# Rest in peace Boiuna



## Mart2289 (Dec 7, 2011)

My baby fish passed away last night after a long fight. He will be missed. Boiuna was a good fish for any aquarium. He would swim around happily all day long and would come to meet your hand when he was hungry.
I hope he his happy now where he is and I hope he will swim an eternity with the other fishes under the *rainbow* brigde.

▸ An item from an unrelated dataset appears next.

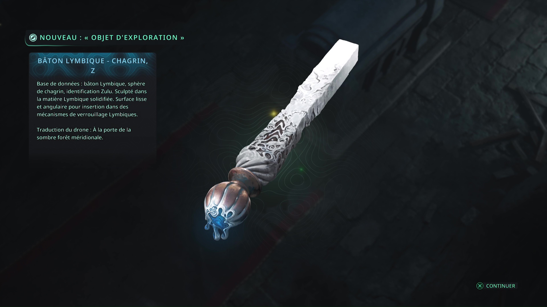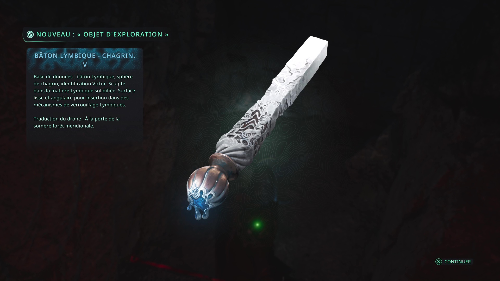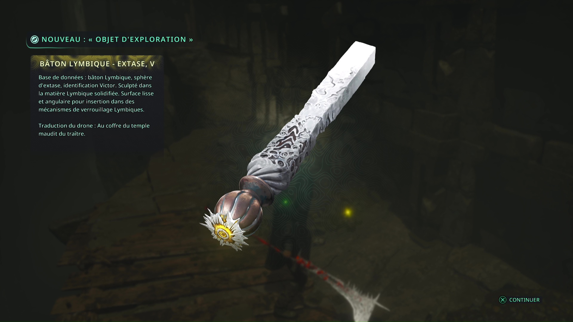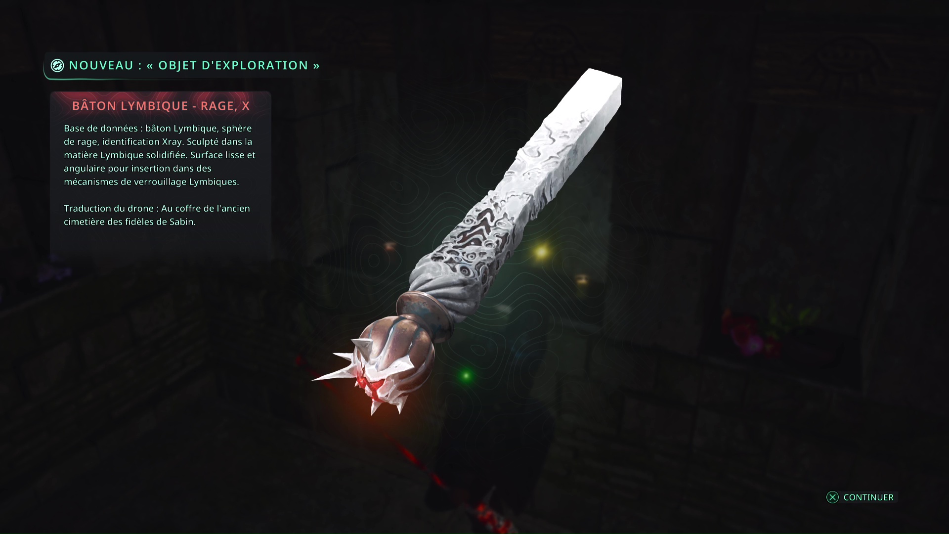 Faites quelques pas pour vous retrouver au milieu de la salle et voir un point doré brillant au-dessus de votre tête. Ramassez-le, il s’agit du Bâton Lymbique – Chagrin, X et de la Note – RHO-021.

Rest in peace baby and be happy forever!


----------



## Kitty Whiskers (Sep 28, 2009)

He sure was Beautiful. RIP... Sorry for your loss. I just lost one of my Bettas on Monday


----------



## Mart2289 (Dec 7, 2011)

I sure know what it's lie... I'm sorry too... They will de missed...


----------



## Olympia (Aug 25, 2011)

He was a gorgeous little guy, I'm sure he had a great life with you.
R.I.P <3


----------



## bettanova2 (Mar 18, 2012)

I'm sorry for your loss


----------



## LebronTheBetta (Apr 23, 2012)

I am so sorry. He was a pretty one. I hope you can move on and so is Boiuna to the Great Big Tank in the skies. I wish the best for you both.


----------



## Jessicatm137 (Mar 22, 2012)

He was beautiful, I'm sorry you lost him.


----------



## shadowpony (Apr 15, 2012)

Aww.. he was so pretty. Sorry for you loss. R.I.P


----------



## dramaqueen (Jul 7, 2008)

I'm so sorry for your loss. He was so pretty.


----------